By Gerry Barker
From the GuelphSpeaks provincial files
Posted October 6, 2015
Thousands of Ontario parents, students and education workers are caught up in a maelstrom of pity, selfishness and pettiness. The Elementary Teachers Federation of Ontario (ETFO) and the Canadian Public Workers Union (CUPE) union enforced job action tactics that remain unresolved and unrepentant.
Both unions have been without contracts for a year.
The Minister of Education, Liz Sandals, describes the latest job action of allowing unlocked doors in Halton schools as “worrisome.” She went on to say that she was surprised that “this was a way (the union) has chosen as direction for disruption.”
Minister, this is what happens when there is a major breakdown in the collective bargaining process. Your staff has bungled any attempt to settle these job actions that only hurt the parents, and students in terms of their pre-high school preparation and the graduated learning process.
If, by some miracle, settlement is reached before October 19, federal election day, the theory that the unions are trying to embarrass the Ontario Liberal government, will be a mere footnote in history.
For the unions, this is a continuation of jacking up demands for more pay, better working conditions and contract benefits that go beyond the province’s ability to afford their demands.

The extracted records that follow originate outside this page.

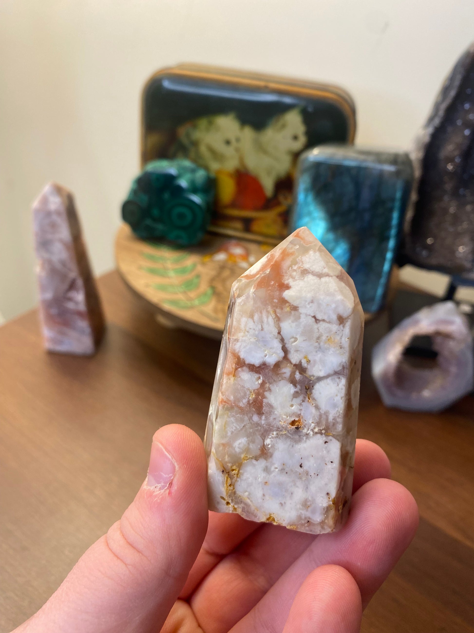 Flower agate is a great stone for opening up inspiration, establishing inner peace, and much more. It is great for reaching your highest potential as well as protecting us from self-doubt or even fear.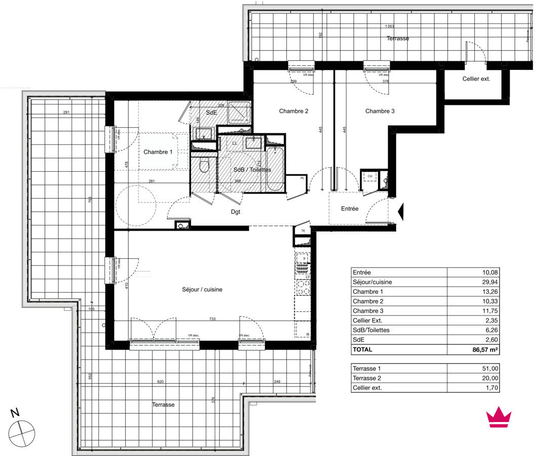- Prestations dernier cri : fibre optique jusqu'à l'appartement, vidéophone, badges Vigik, prises réseau dans toutes les pièces...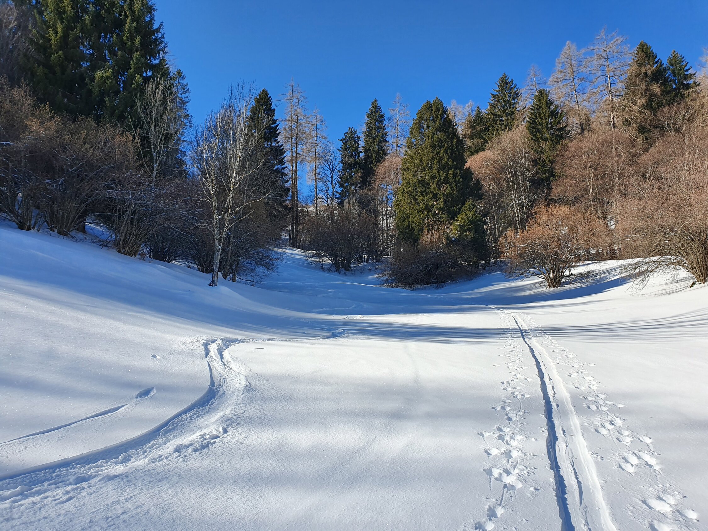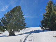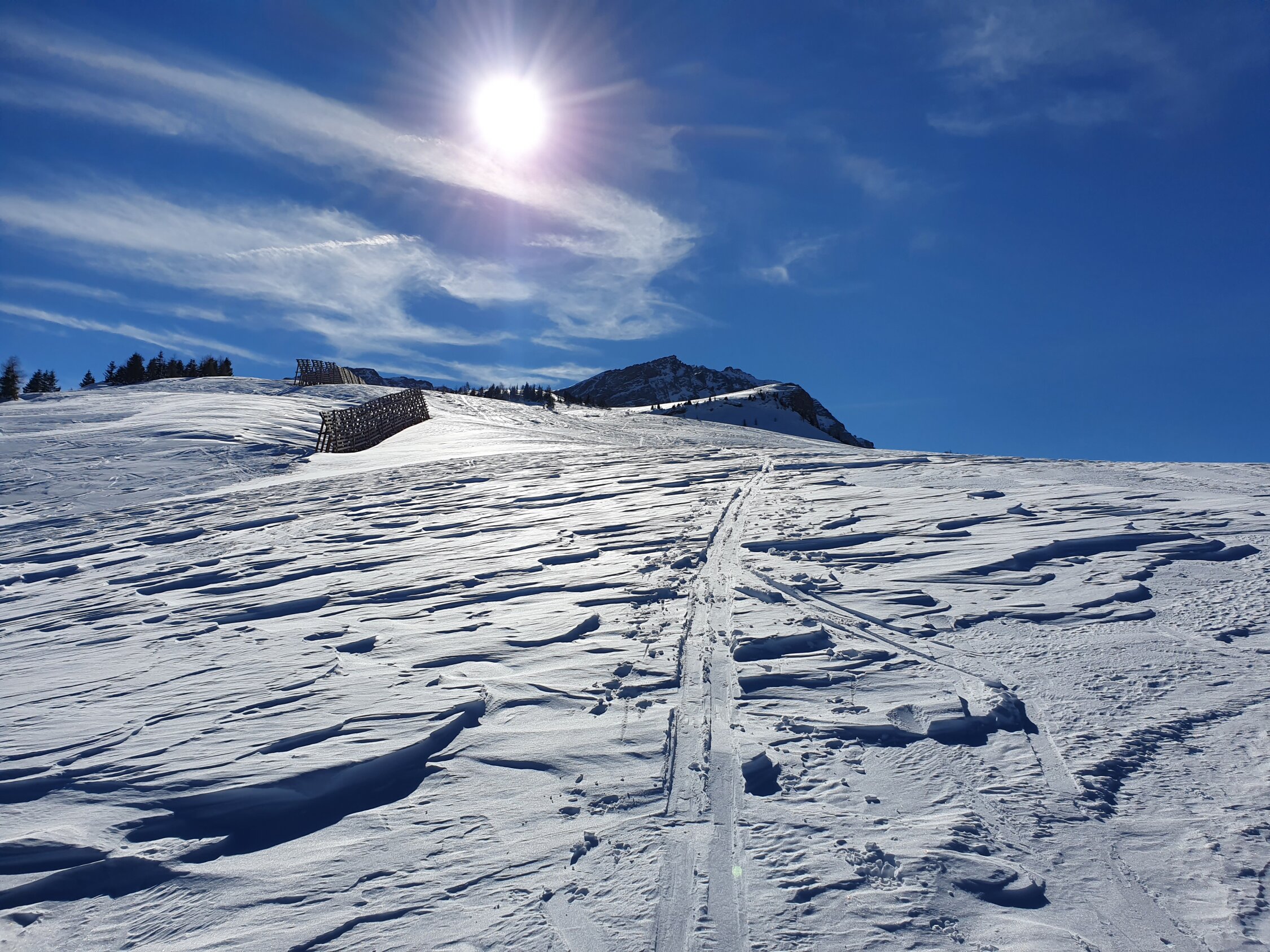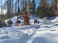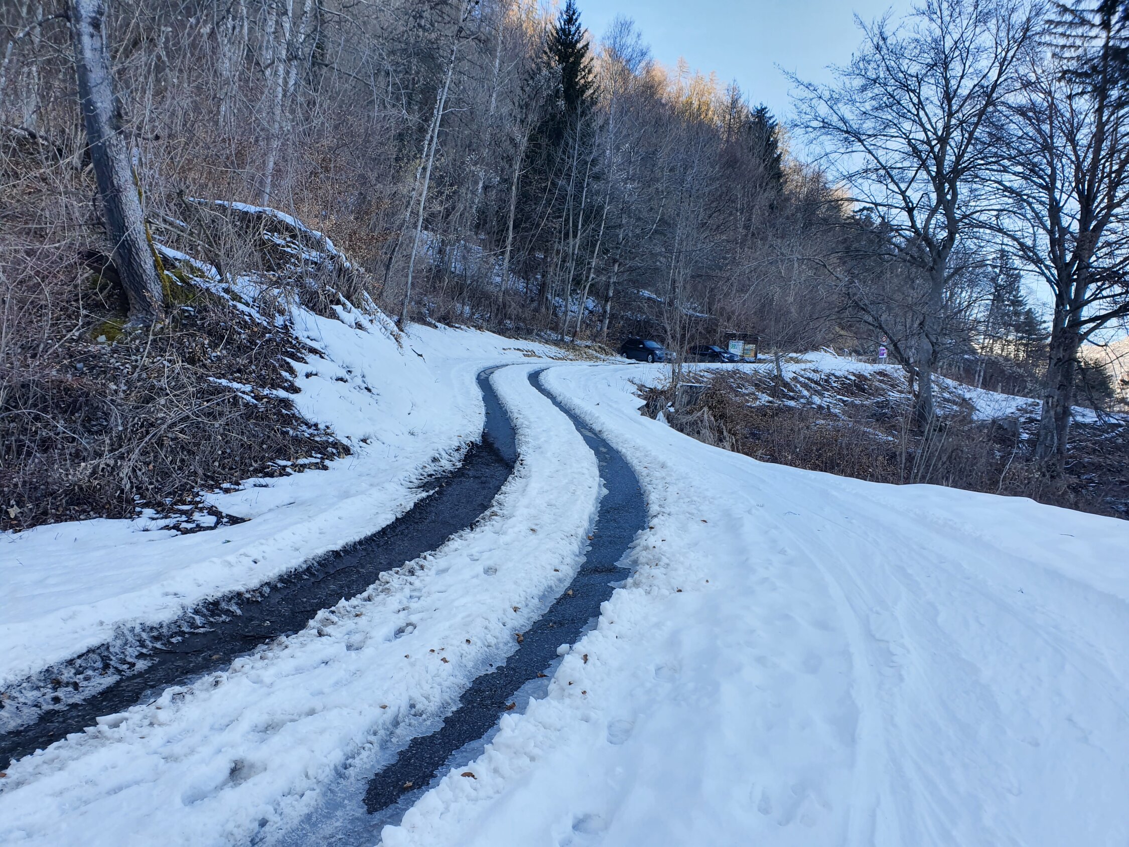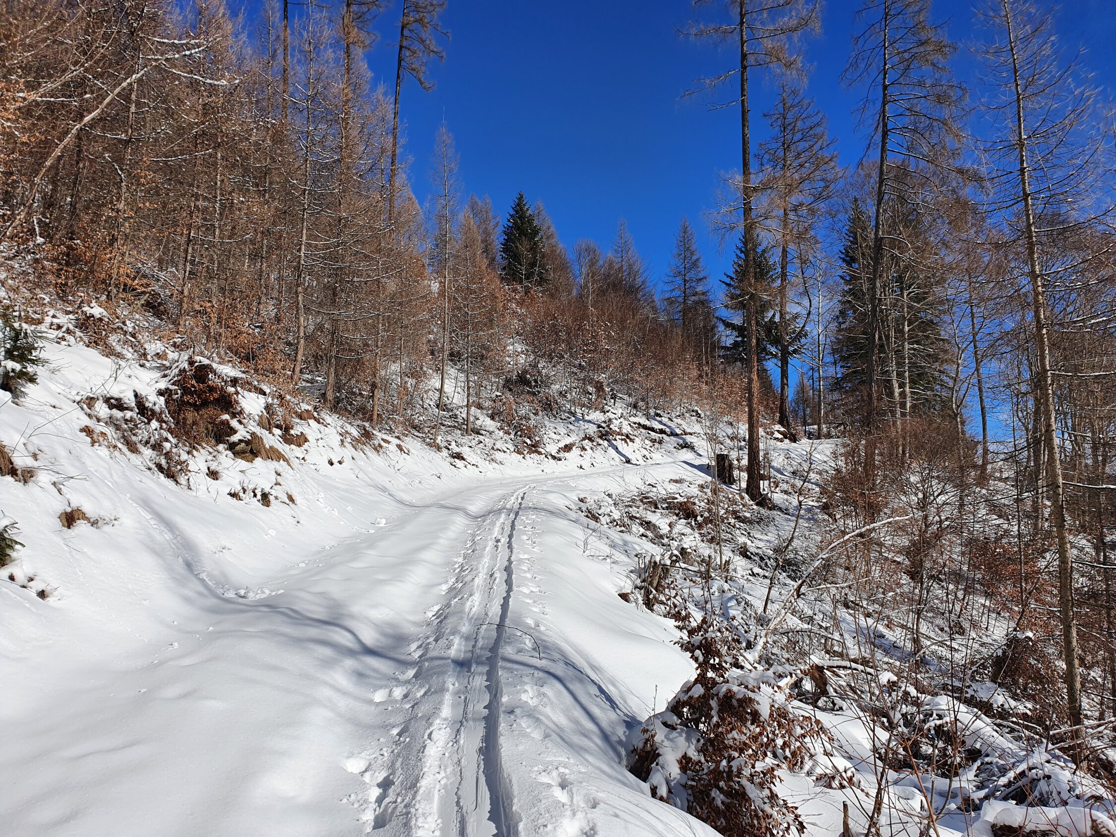 Zuoberst war der Schnee stark windbearbeitet, ab P1776 dann bis P912 Pulverschnee, danach weiter auf dem Forstweg.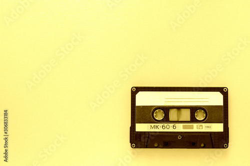 Obraz premium Old audio tape cassette, top view. Old technology concept. Yellow color toned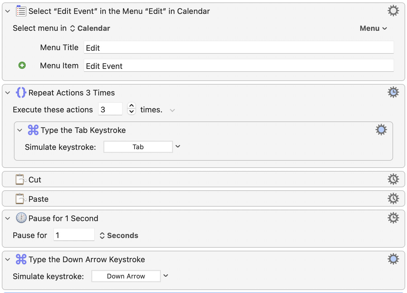 It’s likely that AppleScript copying an event will keep the structured location, so that would likely work as a possible solution for my case, but not for a general solution or a solution in Keyboard Maestro.

The blame goes back a few years when the Liberals were running the government. Sandals and Premier Kathleen Wynne, who preceded her as Minister of Education, both arrived in the Legislature as former school trustees.
Paying off the teachers is the solution
You would think they would know a little bit about their chosen vocation, learned in the front lines of education. What they both have practised as overseers of the Ontario education system is to pay off the unions to keep the school doors open.
In 2013, Sandals rolled back the McGuinty clamp down of education worker’s contracts and paid some $463 million to mollify the unions and stop job action by the high school teachers.
This time, they settled with every teacher’s unions, giving a 2.5 per cent increase and more benefits. But the elementary teachers refused to accept the terms and have refused to perform basic work assignments including communication with the parents of their pupils.
Sandals declared that the increase in pay is “net zero.” In other words, the allocated budget would not increase because funds would be taken from other budget sources. Sandals did not identify those sources. All this was done despite the demand of the Premier that there wasn’t money to cover teacher’s demands for more money, smaller classes and benefits.
This was the financial chicanery reminiscent of the old baseball triple play, “ Tinker to Evers to Chance.” Keep the money moving around so nobody notices.
Here is what one Sachin Maharaj, Toronto teacher and PhD student at the Ontario Institute of Studies in Education (OISE), described as the elementary teacher’s job:
“Outside the classroom, elementary teachers also have a range of other activities. This includes regularly communicating with parents, meeting with colleagues and administration, organizing school assemblies and events, planning field trips, maintaining up-to-date student records, as well as running student clubs and extracurricular activities.”
Oh, and the teachers also have to teach specific courses based on the ages of their students.
Getting 12 months pay for ten months work
But isn’t that what the job is all about? The elementary teachers have the responsibility to mould their young students’ attitudes, advance their learning abilities, and develop strong social skills. This is the prelude to being a responsible and successful member of society.
It all starts in kindergarten. Along the eight-year pathway to adulthood, the association of teachers and parents must be maintained and cooperative.
When the teacher’s unions strike, either part-time or out the door that trust disappears due to the teachers’ lack of responsibility that they stress on their students.
That’s what has happened in Ontario where the provincial education ministry charged with funding, maintaining and creating solutions, has abandoned the trust that the stakeholders believed they had.
The responsibility for this mess is shared both by government and union leadership.
The solution is growing among Ontarians that teachers are an essential service and should not be allowed to strike or conduct job action. The collective bargaining system does not work as the unions have timed their strikes to deeply affect the students as crucial times of the school year. Last spring was an example of work stoppages that affected students particularly those completing high school.
Threatening and using circumstances to force their demands on the backs of students and their parents is the lowest denominator ever reached by public service labour. The combination of a gutless provincial government and aggressive unions leaves only the innocent stakeholders at risk.
Indeed, a “ship of fools” has destroyed our trust.